Moim sekretnym celem było stworzyć nowy rodzaj dramatu historycznego – takiego, który jednocześnie jest dramatem akcji. Coś w pełni japońskiego, ale stworzonego dla widzów na całym świecie
W "Bitwie Samurajów" Junichiemu Okadzie towarzyszą znane twarze japońskiego kina i telewizji.
- Hideaki Itō jako znany wojownik,
- Kazunari Ninomiya – popularny aktor i członek zespołu Arashi,
- Kaya Kiyohara, Yumia Fujisaki,
- Hamada Gaku jako komendant Kawaji Toshiyoshi,
- Okazaki Taiiku jako Keage Jinroku,
- Iura Arata jako minister Okubo Toshimichi,
- Tanaka Tetsushi jako Maejima Hisoka,
- Nakajima Ayumu jako Nagase Shinpei.
Serial wyreżyserowali Michihito Fujii, Yamaguchi Kento i Yamamoto Toru. Scenariusz stworzyli Fujii, Yamaguchi i Yashiro Risa.
Światowy fenomen Netflixa. "Bitwa Samurajów" w TOP 10 w 90 krajach
"Bitwa samurajów" podbiła serca widzów na całym świecie. Serial pojawił się w TOP 10 Netfliksa w ponad 90 krajach, w tym w Polsce. W dniu premiery, 13 listopada, zajął pierwsze miejsce w 18 krajach. W kolejnych dniach utrzymał pozycję lidera w wielu z nich. Na Rotten Tomatoes serial zdobył 100% pozytywnych ocen krytyków Widzowie również ocenili produkcję wysoko – 96% pozytywnych opinii. Na IMDb serial otrzymał ocenę 7,5/10. Recenzenci chwalą choreografię walk, rozmach inscenizacji oraz emocjonalne tło opowieści.
Czy powstanie drugi sezon "Bitwy samurajów"?
Na ten moment Netflix nie ogłosił oficjalnie kontynuacji.
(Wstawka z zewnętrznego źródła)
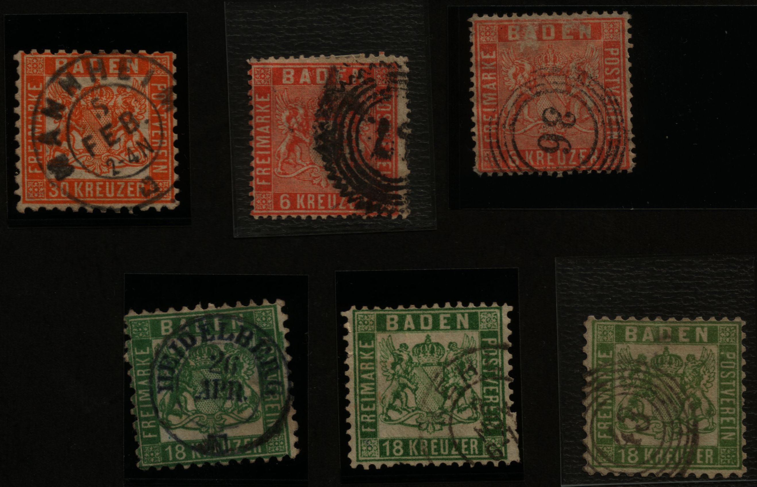 Bei den 18 Kreuzern könnte die erst gezeigte mit Abstemplung Mannheim eine B sein (Katalogwert € 1800,--) Die letzte mit Abstemplung 43 (Freiburg) eine 21a. Die mittlere ist aufjedenfall zweite oder dritte Wahl da die Zähnung beschädigt ist und die Abstemplung doch sehr undeutlich ist.

Jednak reżyser Michihito Fujii w rozmowie z zagranicznym serwisem przyznał, że jego celem jest zrealizowanie jeszcze jednej serii.
W idealnym świecie chciałbym jeszcze dwa lub trzy sezony. Czasami jednak kolejne sezony pojawiają się dwa lub trzy lata później, a widzowie zapominają, co działo się w przeszłości. Ponieważ jestem fanem Netfliksa, staram się przekazać jak najwięcej w jednym sezonie. Lubię robić jak najwięcej. Jeśli moglibyśmy zakończyć całą historię w jeszcze jednym sezonie, to by była nasza misja.
To daje nadzieję fanom, że "Bitwa samurajów" doczeka się kontynuacji. Popularność serialu i sukces w rankingach Netfliksa mogą skłonić platformę do podjęcia decyzji o stworzeniu kolejnego sezonu.